§ DATA TO PROCESS
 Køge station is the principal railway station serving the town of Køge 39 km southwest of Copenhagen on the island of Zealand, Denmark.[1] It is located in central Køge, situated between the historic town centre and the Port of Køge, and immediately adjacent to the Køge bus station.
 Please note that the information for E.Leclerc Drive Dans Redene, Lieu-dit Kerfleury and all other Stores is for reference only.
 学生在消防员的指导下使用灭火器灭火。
--
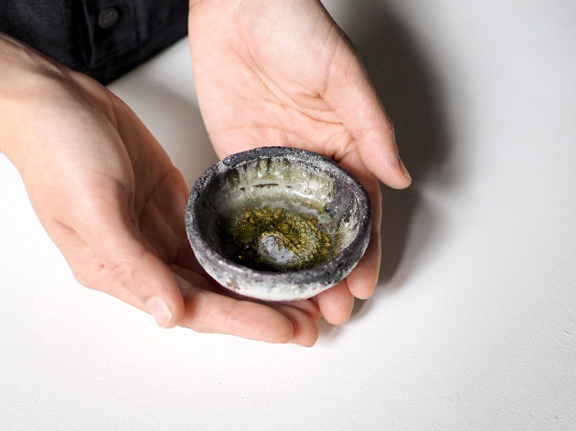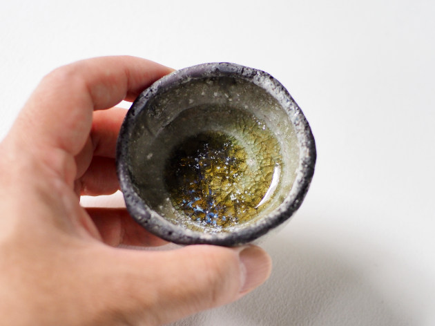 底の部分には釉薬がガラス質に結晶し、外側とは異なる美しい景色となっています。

§ PROBLEM DESCRIPTION
Leave out every line above except those from the line with "Please note that" up to and including the line with "学生在消防员的指导下使用灭火器灭火。", and copy those exactly.

§ TASK ANSWER
 Please note that the information for E.Leclerc Drive Dans Redene, Lieu-dit Kerfleury and all other Stores is for reference only.
 学生在消防员的指导下使用灭火器灭火。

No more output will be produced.